Bovendien is naar het oordeel van de rechtbank ook voldaan aan de zogeheten ‘zachte criteria’ voor het opleggen van een ISD-maatregel.
De verdachte valt onder de definitie van stelselmatige dader uit de Richtlijn voor strafvordering bij meerderjarige veelplegers van het Openbaar Ministerie (hierna: OM-richtlijn), aangezien er over een periode van vijf jaren processen-verbaal voor meer dan tien misdrijffeiten tegen hem zijn opgemaakt, waarvan ten minste één misdrijf in de laatste twaalf maanden, terug te rekenen vanaf de pleegdatum van de onderhavige bewezen verklaarde feiten.
Met betrekking tot het verweer van de raadsman dat de invulling van de ISD-maatregel strijdig is met de OM-richtlijn, overweegt de rechtbank dat zij zich enkel moet uitlaten over de vraag of is voldaan aan de vereisten van de ISD-maatregel, en niet over de invulling van de maatregel.

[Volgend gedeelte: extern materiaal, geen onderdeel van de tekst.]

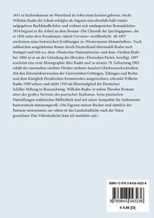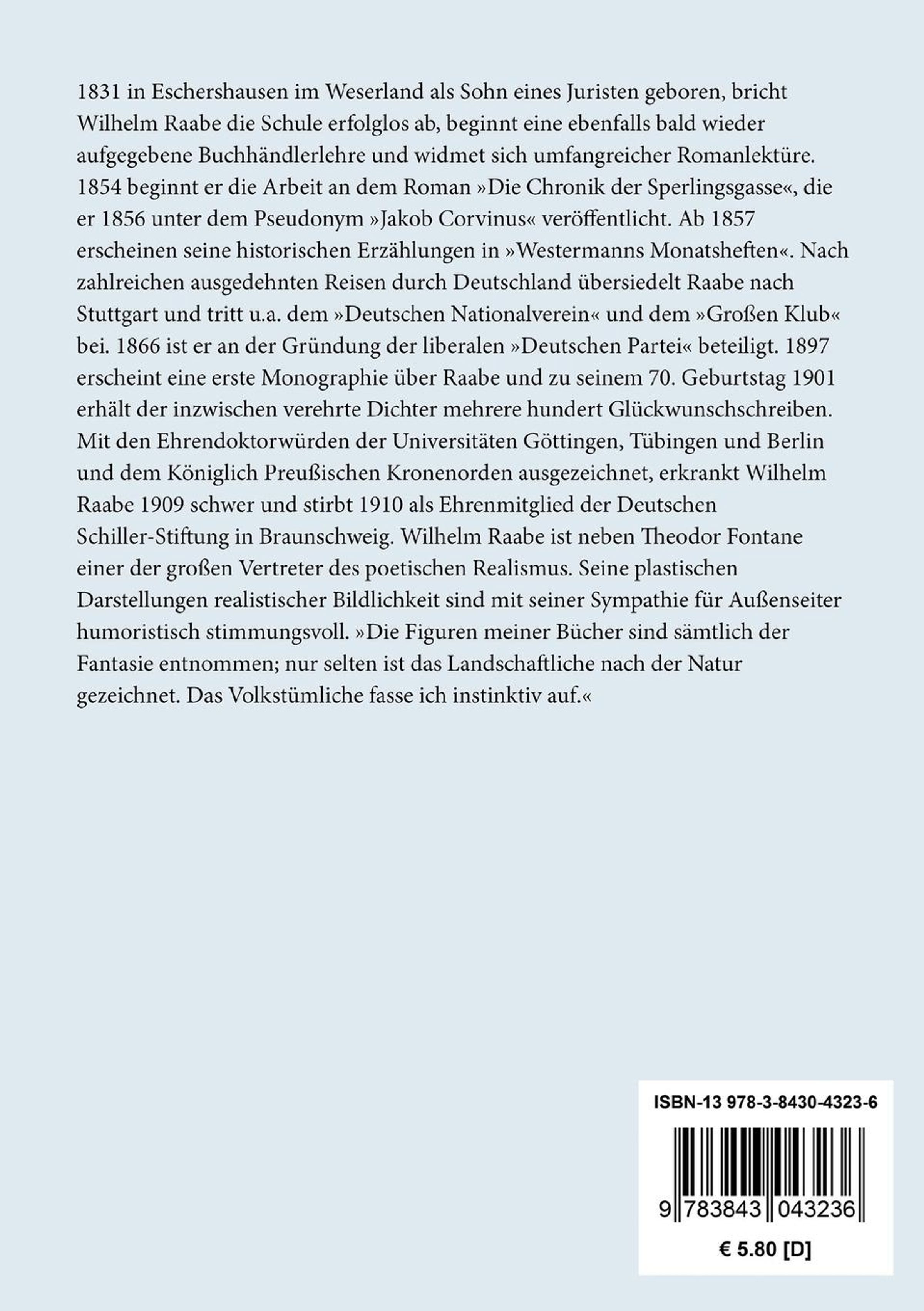 1831 in Eschershausen im Weserland als Sohn eines Juristen geboren, bricht Wilhelm Raabe die Schule erfolglos ab, beginnt eine ebenfalls bald wieder aufgegebene Buchhändlerlehre und widmet sich umfangreicher Romanlektüre. 1854 beginnt er die Arbeit an dem Roman >>Die Chronik der Sperlingsgasse<<, die er 1856 unter dem Pseudonym >>Jakob Corvinus<< veröffentlicht. Ab 1857 erscheinen seine historischen Erzählungen in >>Westermanns Monatsheften<<. Nach zahlreichen ausgedehnten Reisen durch Deutschland übersiedelt Raabe nach Stuttgart und tritt u. a. dem >>Deutschen Nationalverein<< und dem >>Großen Klub<< bei. 1866 ist er an der Gründung der liberalen >>Deutschen Partei<< beteiligt. 1897 erscheint eine erste Monographie über Raabe und zu seinem 70. Geburtstag 1901 erhält der inzwischen verehrte Dichter mehrere hundert Glückwunschschreiben. Mit den Ehrendoktorwürden der Universitäten Göttingen, Tübingen und Berlin und dem Königlich Preußischen Kronenorden ausgezeichnet, erkrankt Wilhelm Raabe 1909 schwer und stirbt 1910 als Ehrenmitglied der Deutschen Schiller-Stiftung in Braunschweig. Wilhelm Raabe ist neben Theodor Fontane einer der großen Vertreter des poetischen Realismus. Seine plastischen Darstellungen realistischer Bildlichkeit sind mit seiner Sympathie für Außenseiter humoristisch stimmungsvoll. >>Die Figuren meiner Bücher sind sämtlich der Fantasie entnommen; nur selten ist das Landschaftliche nach der Natur gezeichnet. Das Volkstümliche fasse ich instinktiv auf.<<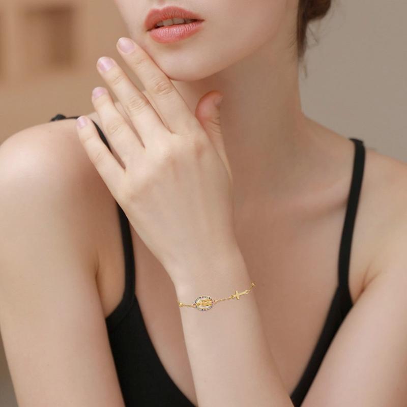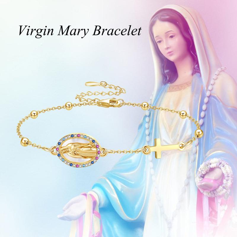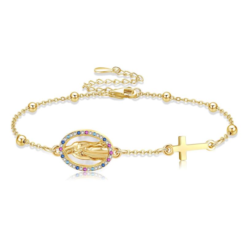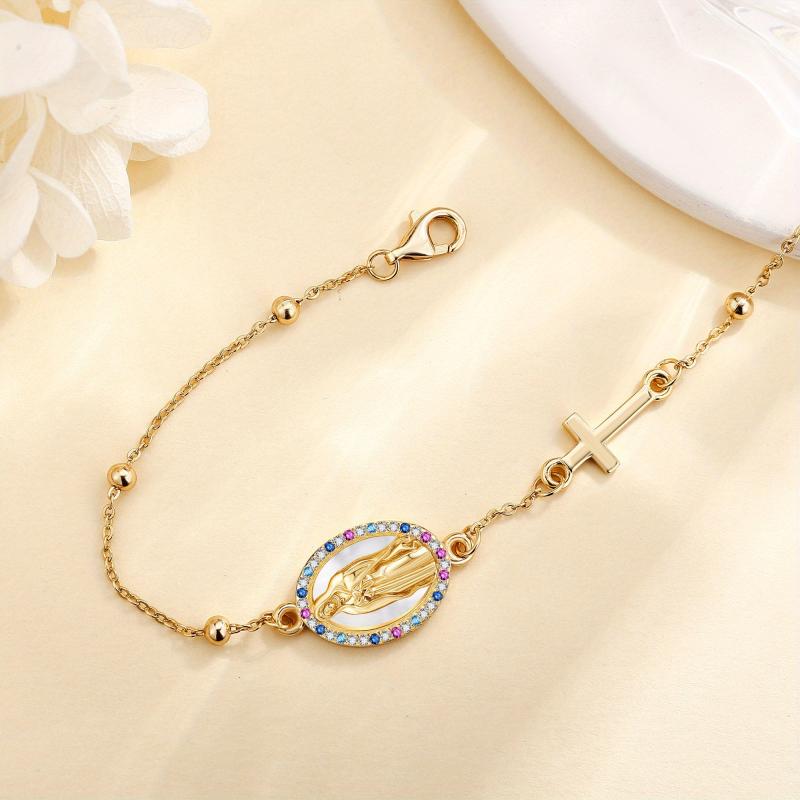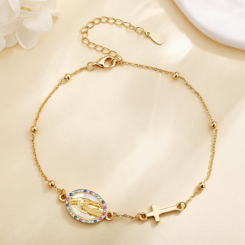 This stunning bracelet features a Virgin Mary and cross pendant on a sterling silver rosary bead chain. Perfect for those who cherish their faith and seek a beautiful accessory.

Is de ISD-maatregel passend en geboden?
De rechtbank is van oordeel dat een onvoorwaardelijke ISD-maatregel in dit geval de enige passende afdoening is en overweegt daartoe als volgt.
De rechtbank stelt voorop dat de ISD-maatregel strekt tot beveiliging van de maatschappij en de beëindiging van de recidive van de verdachte. De rechtbank constateert dat de verdachte steeds weer overlast en schade veroorzaakt. Het opleggen van (voorwaardelijke en onvoorwaardelijke) gevangenisstraffen heeft niet geleid tot gedragsverandering bij de verdachte. Bovendien hebben eerdere interventies geen effect gehad op de recidive van de verdachte.
De rechtbank overweegt dat het voor de veiligheid van personen of goederen dan ook noodzakelijk is om een onvoorwaardelijke ISD-maatregel op te leggen. De rechtbank ziet geen andere mogelijkheid om de overlast en recidive te voorkomen. Een voorwaardelijke straf of maatregel met reclasseringstoezicht zal daarvoor onvoldoende waarborgen bieden, mede gelet op de verblijfstatus van de verdachte. De verdachte kan geen aanspraak maken op sociale voorzieningen in Nederland, terwijl de reclassering in de uitvoering van toezicht juist van die voorzieningen afhankelijk is.
De rechtbank zal, alles afwegende, aan de verdachte dan ook een onvoorwaardelijke ISD-maatregel voor de duur van twee jaar opleggen.
Voorlopige hechtenis
De rechtbank zal, gelet op het voorgaande, het verzoek van de raadsman tot opheffing van het bevel tot voorlopige hechtenis afwijzen.